» Data shown:

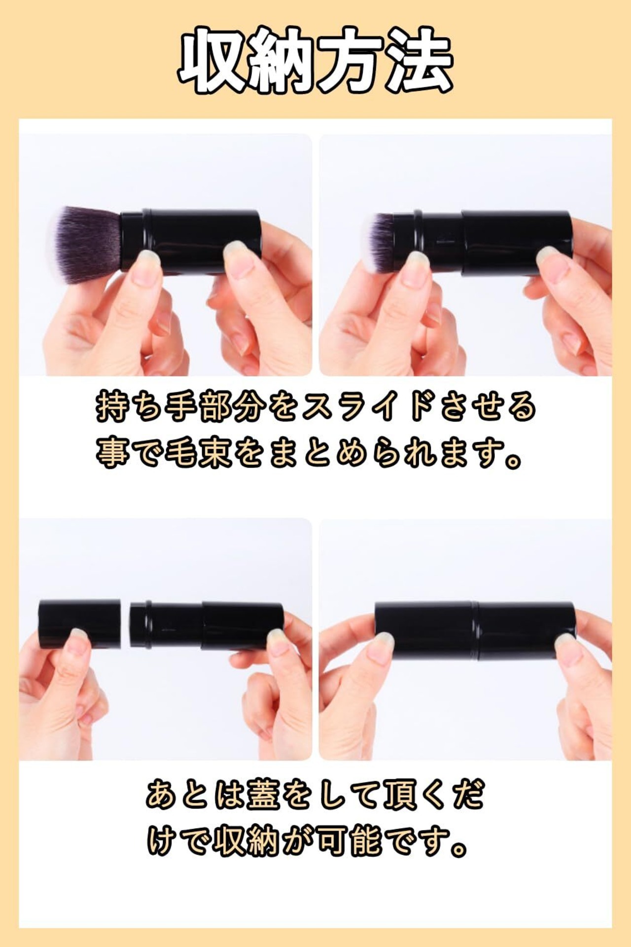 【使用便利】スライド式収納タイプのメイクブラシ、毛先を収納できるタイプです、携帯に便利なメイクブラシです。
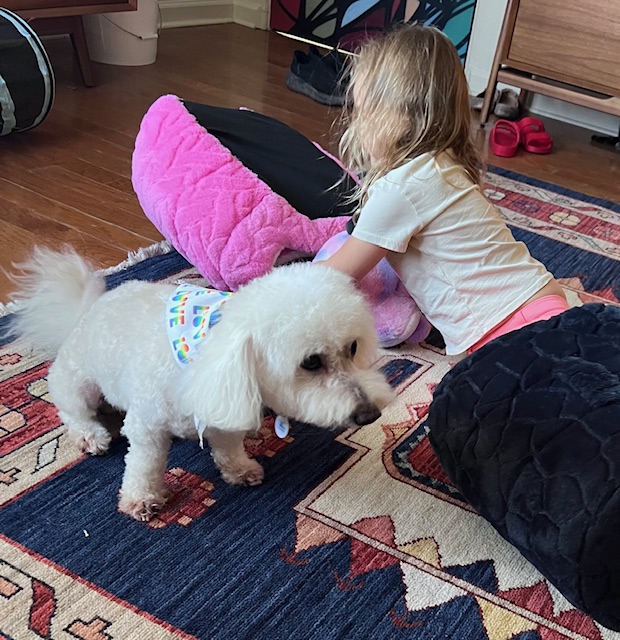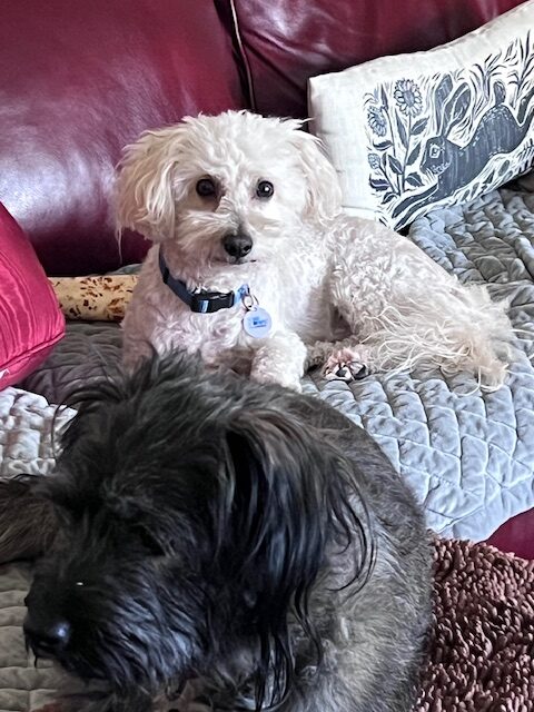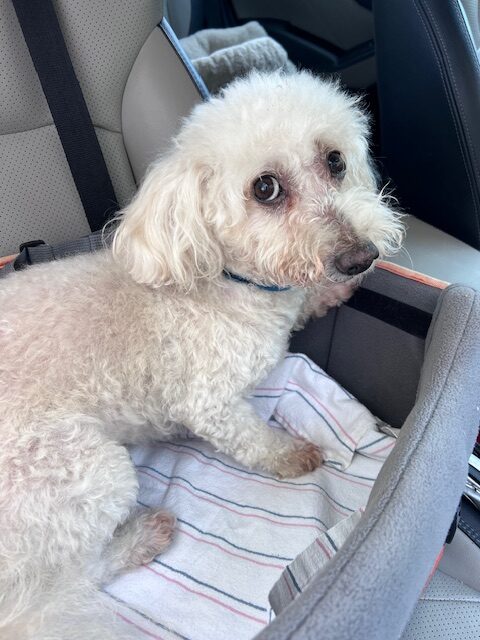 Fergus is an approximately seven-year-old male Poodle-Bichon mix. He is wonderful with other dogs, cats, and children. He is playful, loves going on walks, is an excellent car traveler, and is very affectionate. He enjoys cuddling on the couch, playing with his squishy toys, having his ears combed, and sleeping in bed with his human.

---

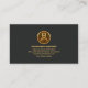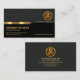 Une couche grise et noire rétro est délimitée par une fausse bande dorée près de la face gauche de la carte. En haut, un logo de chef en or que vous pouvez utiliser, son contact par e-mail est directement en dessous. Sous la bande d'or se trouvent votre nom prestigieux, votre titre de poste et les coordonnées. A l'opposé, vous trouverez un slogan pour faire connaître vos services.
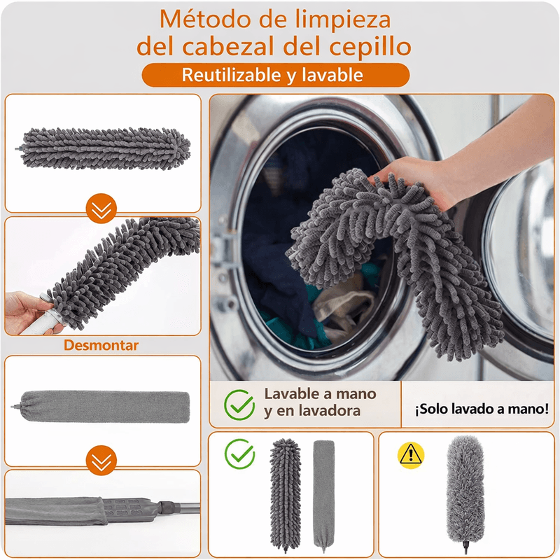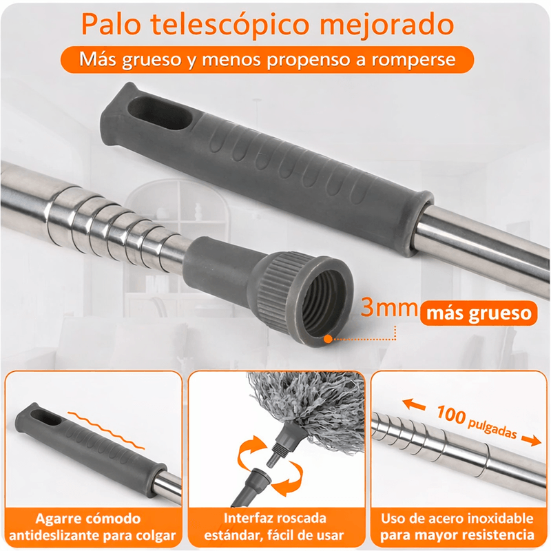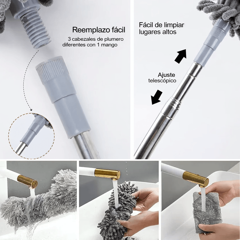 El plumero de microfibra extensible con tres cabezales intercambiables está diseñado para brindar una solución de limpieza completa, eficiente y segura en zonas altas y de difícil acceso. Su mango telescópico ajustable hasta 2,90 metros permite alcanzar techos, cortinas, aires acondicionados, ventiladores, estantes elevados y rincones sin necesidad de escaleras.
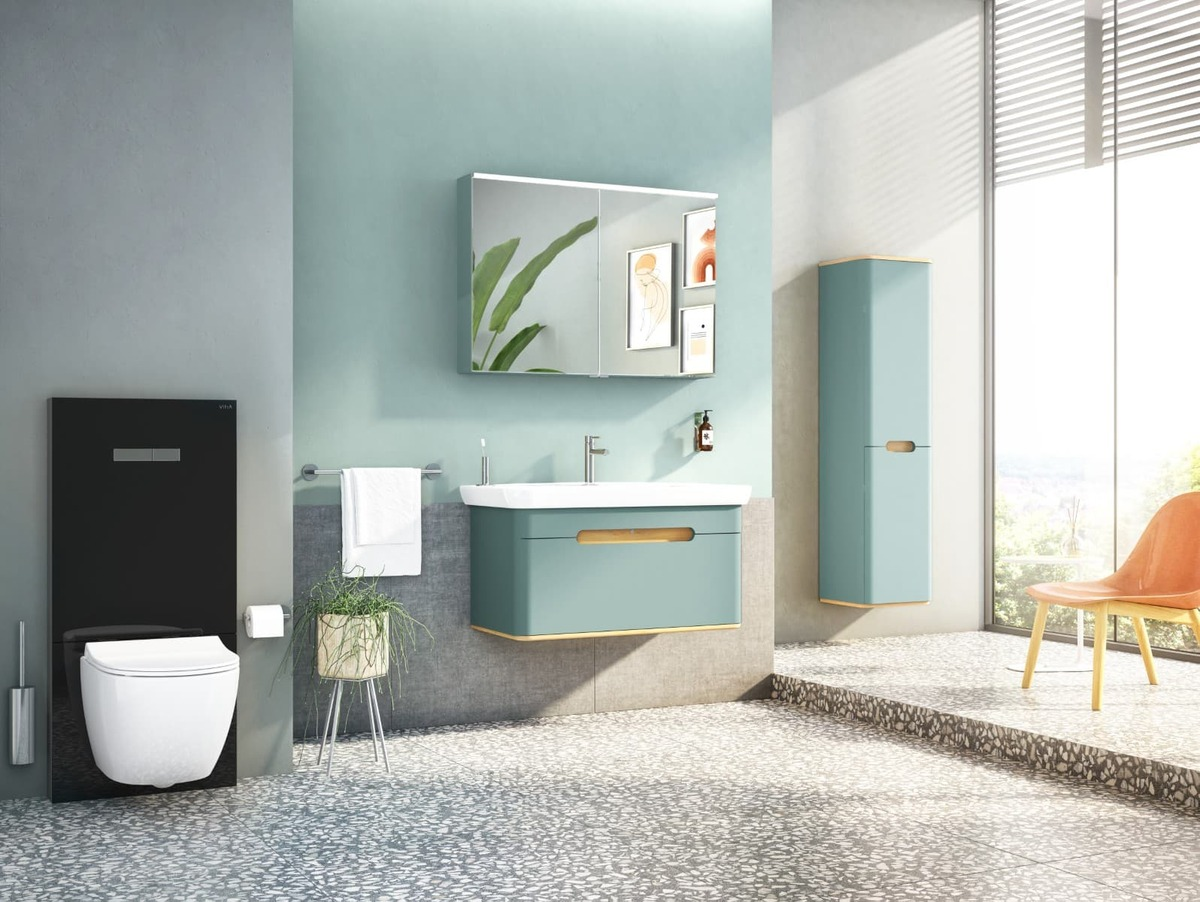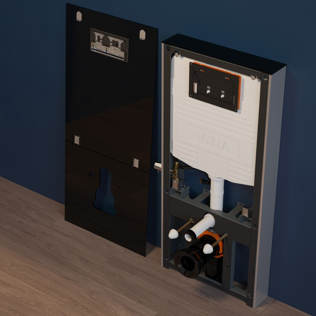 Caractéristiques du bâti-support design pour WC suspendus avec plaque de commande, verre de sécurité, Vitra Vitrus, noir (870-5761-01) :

==

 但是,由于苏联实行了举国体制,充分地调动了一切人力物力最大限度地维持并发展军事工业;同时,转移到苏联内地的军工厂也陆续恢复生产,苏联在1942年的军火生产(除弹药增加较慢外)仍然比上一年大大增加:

» Your assignment:
For this exercise, please set down exactly the lines of the listing above from the line with "El plumero de" up to and including the line with "Caractéristiques du bâti-support", and no pictures.

» Exercise solution:
 El plumero de microfibra extensible con tres cabezales intercambiables está diseñado para brindar una solución de limpieza completa, eficiente y segura en zonas altas y de difícil acceso. Su mango telescópico ajustable hasta 2,90 metros permite alcanzar techos, cortinas, aires acondicionados, ventiladores, estantes elevados y rincones sin necesidad de escaleras.
 Caractéristiques du bâti-support design pour WC suspendus avec plaque de commande, verre de sécurité, Vitra Vitrus, noir (870-5761-01) :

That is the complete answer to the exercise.